Remote access to Docker with TLS
17 May 2014By default Docker is available only on UNIX socket. Because UNIX sockets cannot be forwarded through SSH, you generally had 3 options:
- Hack nginx to forward traffic to Docker
- Use SSH and socat to tunnel connection
- Make Docker daemon listen on exposed port
1st solution is really cumbersome to setup. 2nd requires socat installed on both server and client. 3rd is not secure and anyone can connect or intercept Docker traffic as connection is not encrypted.
The situation was hopeless until Docker implemented TLS auth in 0.10.
I present few simple steps to setup it:
I. Generate your certificates
You need to generate 3 kinds of certificates:
- CA certificate used for generating client and server certs
- Client certificate used by remote Docker client
- Server certificate used by Docker daemon on server
I wrote a little Ruby script that generates all three certificates for you. All you need to do is clone this repository and run following commands:
$ gem install certificate_authority
$ ruby certgen.rb example.com
CA certificates are in ~/.docker/ca
Client certificates are in ~/.docker
Server certificates are in ~/.docker/example.com
Certificates should be now available under ~/.docker
path.
II. Copy server certificates to remote location
The script generated keys and certificates required by Docker daemon ~/.docker/example.com
(example.com is your domain name).
Copy them on your server to ~/.docker
directory:
rsync -ave ssh ~/.docker/example.com/ root@example.com:~/.docker/
III. Configure Docker on remote location
Docker daemon since version 0.10 supports --tlsverify
mode that enforces encrypted and authenticated remote connections.

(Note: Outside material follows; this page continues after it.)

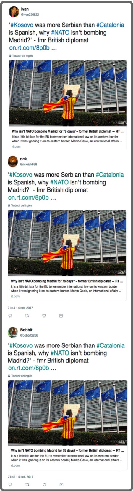 Durant les jours précédant et suivant la consultation, dans l’espace d’une dix joursces trois comptes répartissent chacun un total de 139 contenus fait par RT et Spoutnik, qui a généré une polarisation dans la société catalane. Parfois, il s’agissait de tweets aux termes identiques, comme par exemple les reproductions d’un article de William Mallison, commentateur dans l’orbite du Kremlin, invitant au bombardement de Madrid par l’OTAN. « Le Kosovo était plus serbe que la Catalogne n’est espagnole, pourquoi l’OTAN ne bombarde-t-elle pas Madrid ? » (Le Kosovo était plus serbe que la Catalogne n’est espagnole, pourquoi l’OTAN ne bombarde-t-elle pas Madrid ?), lit-on mot pour mot dans les trois publications.

I assume you’re using Ubuntu 12.04 LTS with Docker already installed and running. Instructions for other distros may be little different.
All you need to do is add following line to /etc/default/docker
:
DOCKER_OPTS="--tlsverify -H=unix:///var/run/docker.sock -H=0.0.0.0:4243 --tlscacert=/root/.docker/ca.pem --tlscert=/root/.docker/cert.pem --tlskey=/root/.docker/key.pem"
And restart Docker daemon with:
service docker restart
If something went wrong Docker daemon won’t start again. You can debug it by browsing logs under /var/log/upstart/docker.log
.
That’s it!
You can connect to remote Docker instance using --tlsverify
flag:
docker --tlsverify -H tcp://example.com:4243 images
It will use certificates stored in ~/.docker
. To use different ones, you can use --tls*
options listed in docker --help
and documentation.
The official guide of TLS setup can be found on Docker site.